## RECORDS PROVIDED
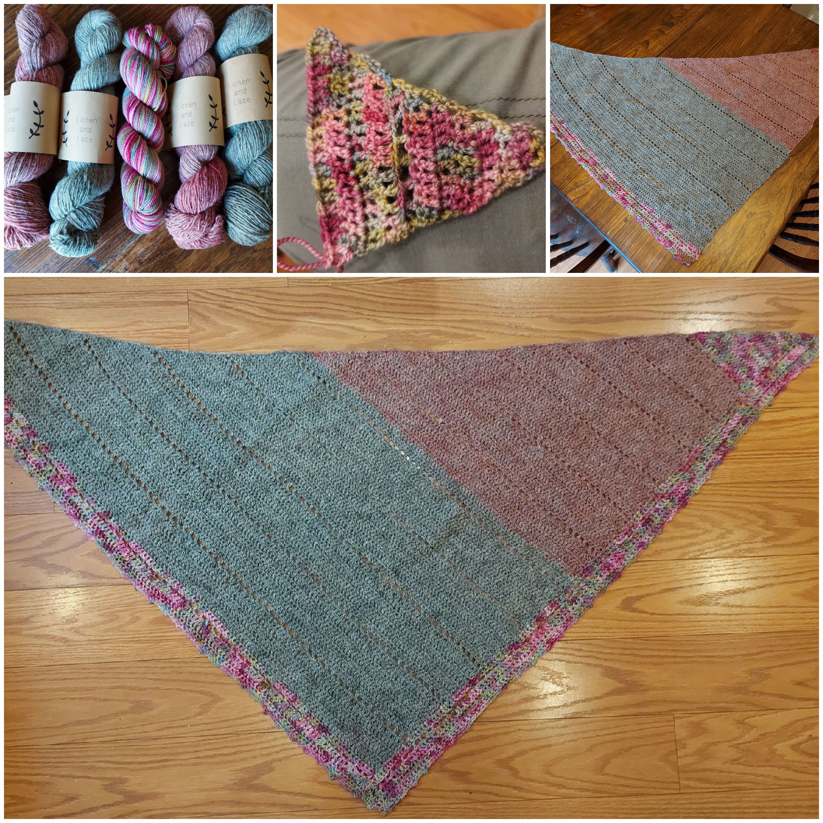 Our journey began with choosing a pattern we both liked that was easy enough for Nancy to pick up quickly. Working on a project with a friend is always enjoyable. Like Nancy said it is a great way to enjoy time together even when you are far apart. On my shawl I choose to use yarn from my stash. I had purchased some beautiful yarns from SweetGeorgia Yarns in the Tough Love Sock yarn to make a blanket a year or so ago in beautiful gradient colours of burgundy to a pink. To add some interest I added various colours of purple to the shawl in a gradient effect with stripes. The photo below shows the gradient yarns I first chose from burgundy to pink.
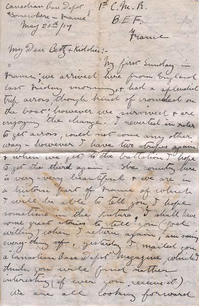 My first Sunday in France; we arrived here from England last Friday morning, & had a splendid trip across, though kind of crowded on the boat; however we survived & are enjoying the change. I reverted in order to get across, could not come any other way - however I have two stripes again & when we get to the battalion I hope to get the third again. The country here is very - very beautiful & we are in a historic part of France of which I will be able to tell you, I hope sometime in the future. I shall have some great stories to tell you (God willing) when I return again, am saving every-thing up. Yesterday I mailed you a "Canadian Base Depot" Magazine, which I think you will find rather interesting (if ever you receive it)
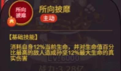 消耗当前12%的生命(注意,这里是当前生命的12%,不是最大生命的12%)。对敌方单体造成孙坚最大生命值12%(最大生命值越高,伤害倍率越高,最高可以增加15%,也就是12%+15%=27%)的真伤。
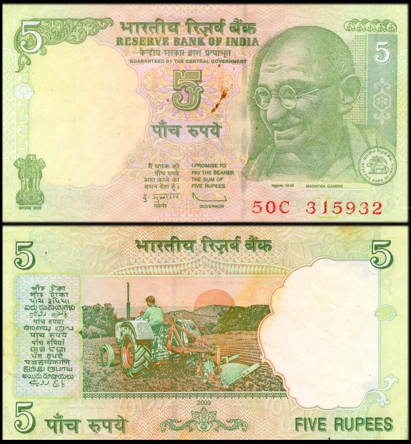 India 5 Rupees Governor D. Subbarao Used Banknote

...

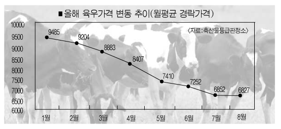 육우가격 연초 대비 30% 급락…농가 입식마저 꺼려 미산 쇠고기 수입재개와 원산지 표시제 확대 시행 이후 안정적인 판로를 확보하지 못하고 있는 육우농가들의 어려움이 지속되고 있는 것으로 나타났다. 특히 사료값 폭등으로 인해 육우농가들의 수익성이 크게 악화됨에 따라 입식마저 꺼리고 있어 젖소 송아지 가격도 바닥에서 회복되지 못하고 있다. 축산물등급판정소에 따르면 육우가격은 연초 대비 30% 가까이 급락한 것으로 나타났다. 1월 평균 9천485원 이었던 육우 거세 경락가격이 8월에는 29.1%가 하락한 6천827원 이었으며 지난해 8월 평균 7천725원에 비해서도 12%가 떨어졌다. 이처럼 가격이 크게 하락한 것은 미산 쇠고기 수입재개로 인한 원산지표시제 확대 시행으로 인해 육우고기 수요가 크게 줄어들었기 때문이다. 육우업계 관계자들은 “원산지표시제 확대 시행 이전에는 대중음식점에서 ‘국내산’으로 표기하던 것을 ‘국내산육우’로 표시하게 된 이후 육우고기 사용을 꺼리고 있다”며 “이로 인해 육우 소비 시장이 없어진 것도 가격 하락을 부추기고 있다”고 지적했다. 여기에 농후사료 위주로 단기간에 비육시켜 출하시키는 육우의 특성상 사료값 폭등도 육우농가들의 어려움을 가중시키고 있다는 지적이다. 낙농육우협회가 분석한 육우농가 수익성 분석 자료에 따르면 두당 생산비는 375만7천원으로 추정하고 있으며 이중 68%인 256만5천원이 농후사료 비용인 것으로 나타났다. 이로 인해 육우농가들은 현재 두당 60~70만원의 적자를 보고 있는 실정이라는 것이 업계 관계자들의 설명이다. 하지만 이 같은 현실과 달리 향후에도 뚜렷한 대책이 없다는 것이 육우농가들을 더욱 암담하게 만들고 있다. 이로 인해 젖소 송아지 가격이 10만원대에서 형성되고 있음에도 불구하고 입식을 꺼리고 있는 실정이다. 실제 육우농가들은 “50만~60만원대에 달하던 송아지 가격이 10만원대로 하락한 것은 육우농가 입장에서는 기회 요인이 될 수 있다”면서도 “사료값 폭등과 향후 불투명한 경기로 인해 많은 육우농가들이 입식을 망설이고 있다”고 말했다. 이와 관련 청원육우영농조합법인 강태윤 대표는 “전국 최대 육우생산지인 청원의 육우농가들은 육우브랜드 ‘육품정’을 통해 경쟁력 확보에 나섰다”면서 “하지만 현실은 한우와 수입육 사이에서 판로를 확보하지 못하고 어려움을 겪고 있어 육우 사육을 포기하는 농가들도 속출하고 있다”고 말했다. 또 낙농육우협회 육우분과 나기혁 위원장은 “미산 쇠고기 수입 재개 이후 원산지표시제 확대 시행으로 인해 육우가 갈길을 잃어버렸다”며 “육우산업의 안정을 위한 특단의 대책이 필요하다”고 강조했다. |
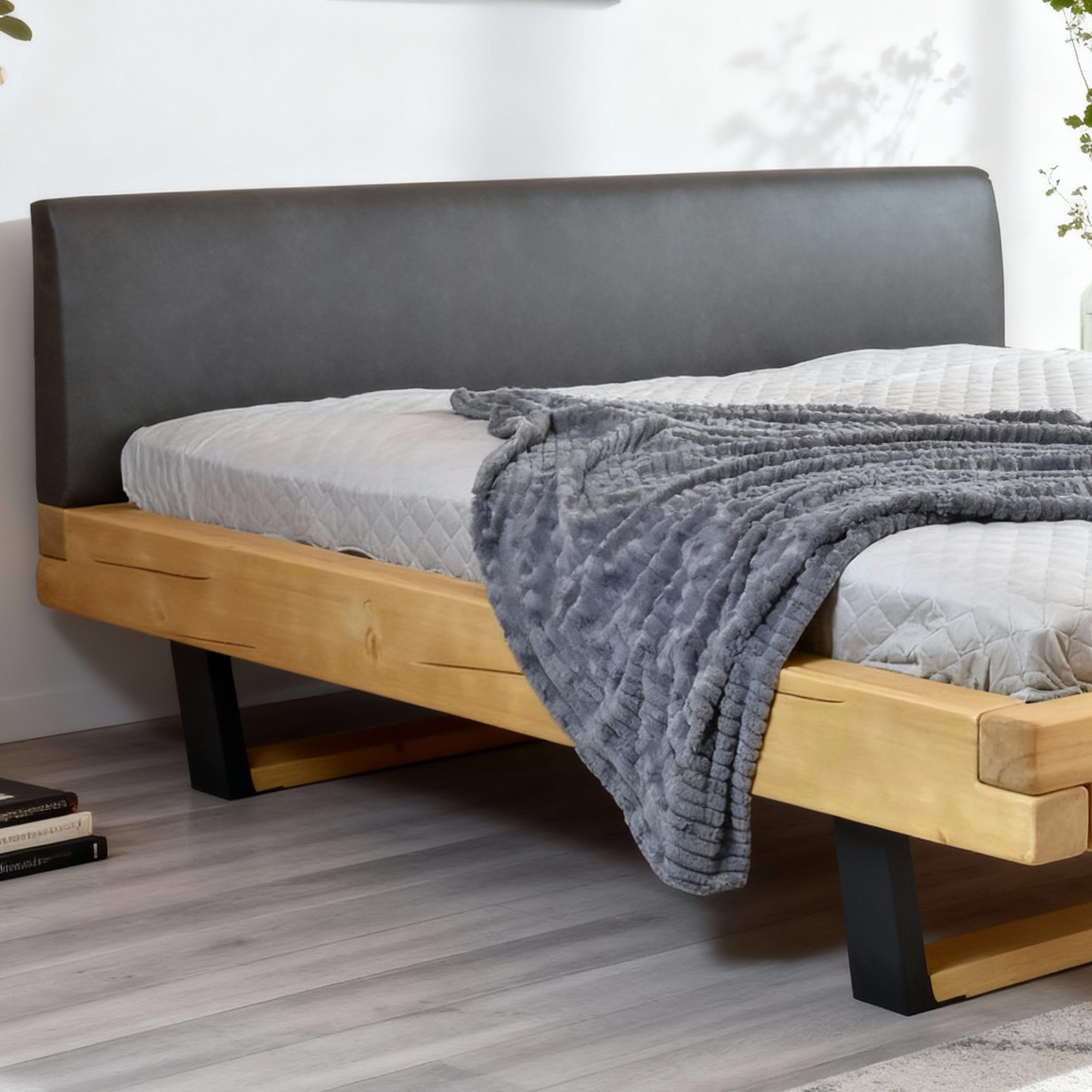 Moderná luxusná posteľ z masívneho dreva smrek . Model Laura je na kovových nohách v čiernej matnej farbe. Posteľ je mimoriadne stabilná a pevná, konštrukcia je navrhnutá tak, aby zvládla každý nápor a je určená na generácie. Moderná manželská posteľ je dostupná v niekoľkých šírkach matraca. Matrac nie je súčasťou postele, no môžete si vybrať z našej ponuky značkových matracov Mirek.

## TASK
Using the entries above, transcribe exactly from the line that has "Our journey began" through the line that has "India 5 Rupees". Pictures are dropped.

## RESPONSE FOR THIS EXERCISE
 Our journey began with choosing a pattern we both liked that was easy enough for Nancy to pick up quickly. Working on a project with a friend is always enjoyable. Like Nancy said it is a great way to enjoy time together even when you are far apart. On my shawl I choose to use yarn from my stash. I had purchased some beautiful yarns from SweetGeorgia Yarns in the Tough Love Sock yarn to make a blanket a year or so ago in beautiful gradient colours of burgundy to a pink. To add some interest I added various colours of purple to the shawl in a gradient effect with stripes. The photo below shows the gradient yarns I first chose from burgundy to pink.
 My first Sunday in France; we arrived here from England last Friday morning, & had a splendid trip across, though kind of crowded on the boat; however we survived & are enjoying the change. I reverted in order to get across, could not come any other way - however I have two stripes again & when we get to the battalion I hope to get the third again. The country here is very - very beautiful & we are in a historic part of France of which I will be able to tell you, I hope sometime in the future. I shall have some great stories to tell you (God willing) when I return again, am saving every-thing up. Yesterday I mailed you a "Canadian Base Depot" Magazine, which I think you will find rather interesting (if ever you receive it)
 消耗当前12%的生命(注意,这里是当前生命的12%,不是最大生命的12%)。对敌方单体造成孙坚最大生命值12%(最大生命值越高,伤害倍率越高,最高可以增加15%,也就是12%+15%=27%)的真伤。
 India 5 Rupees Governor D. Subbarao Used Banknote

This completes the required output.